Owi/Butet, demikian nama akrab Tontowi/Liliyana disebut, menggetarkan tembok China, XU CHEN / MAJIN yang notabene pemain nomor satu dunia, dan banyak kalangan yang menyebut permainan mereka dengan PERFECTO! Meski tertinggal di game penentuan 18-20, dengan mental dan daya juang OWI/BUTET berhasil merampok 4 poin berturut-turut dan memastikan medali emas untuk Merah Putih.

HARU! Sangat mengharukan.... Setelah lamaaaaa..sekali rasanya lagu Indonesia Raya yang diciptakan WR Supratman yang juga merupakan pengarang lagu jazz, membahana dengan begitu megahnya di GuangZhou China yang merupakan sarang macan bulutangkis dunia. Dan Putra putri bangsa itu terlihat sangat tulus mempersembahkan gelar juara tersebut untuk masyarakat Indonesia.

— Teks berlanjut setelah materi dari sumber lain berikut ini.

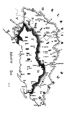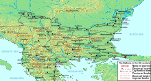 During the conflicts between Michael II Komnenos Doukas of Epirus and Emperor John III Doukas Vatatzes, Golem (ruler of Arbanon at the time) and Theodore Petraliphas, who were initially Michael's allies, defected to John III in 1252.[39] He is last mentioned in the sources among other local leaders, in a meeting with George Akropolites in Durrës in 1256. Arbanon was a beneficiary of the Via Egnatia trade road, which brought wealth and benefits from the more developed Byzantine civilization.[40]
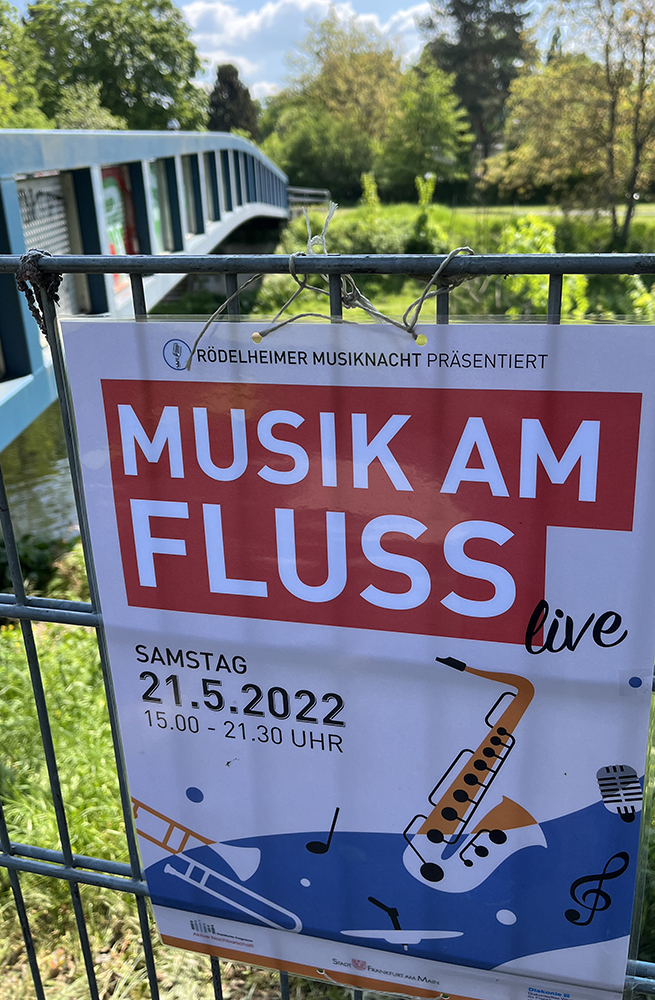 Zur Rödelheimer Musiknacht „Musik am Fluss“ singen wir Lieder unter dem Motto: ‚Das Leben ist ein Fluss‘ und schlagen den Bogen von der Quelle bis zur Mündung und lassen uns dabei von den Wellen des Lebens ein bisschen umherwirbeln, aber niemals unterkriegen!
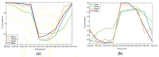 This paper selects three random days for analysis in four quarters (includes January 15, February 22, December 20, summer in Australia, April 30, May 20, June 1, Autumn in Australia, July 7, July 18, August 6, winter in Australia, and September 1, September 22, spring in Australia). Time range from 8:30–17:30, 109-time points in total, four representative and easily available meteorological factors are selected for comparison. The correlations between different features with power output at different time period are calculated by ρd,p, and the average of three days was randomly selected.

Tidak hanya sampai disitu, Ahsan/Hendra, dengan magic game nya, berhasil membuat semua orang yang menonton berdecak "WOAWW.." dengan melihat permainan taktis, efektif dan magis. Bagaimana tidak.. Pemain sekelas Lee Yong Dae dan Cai Yun pernah berucap bahwa mereka sangat frustasi dengan pola bermain permain Indonesia, khususnya Hendra Setiawan, yang taktis dan efektif. Pun menjangkiti pemain Denmark Boe/Moegensen di FINAL BWC 2013 kemarin. Terpampang nyata raut stress kedua pemain itu, ketika menghadapai pukulan-pukulan ajaib bak pesulap Ahsan/hendra. Dengan meyakinkan, AHSAN/HENDRA menancapkan taring mereka dengan menghempaskan semua lawan-lawannya dari babak pertama sampai final dengan straight game dan tidak pernah lebih dari 35 menit.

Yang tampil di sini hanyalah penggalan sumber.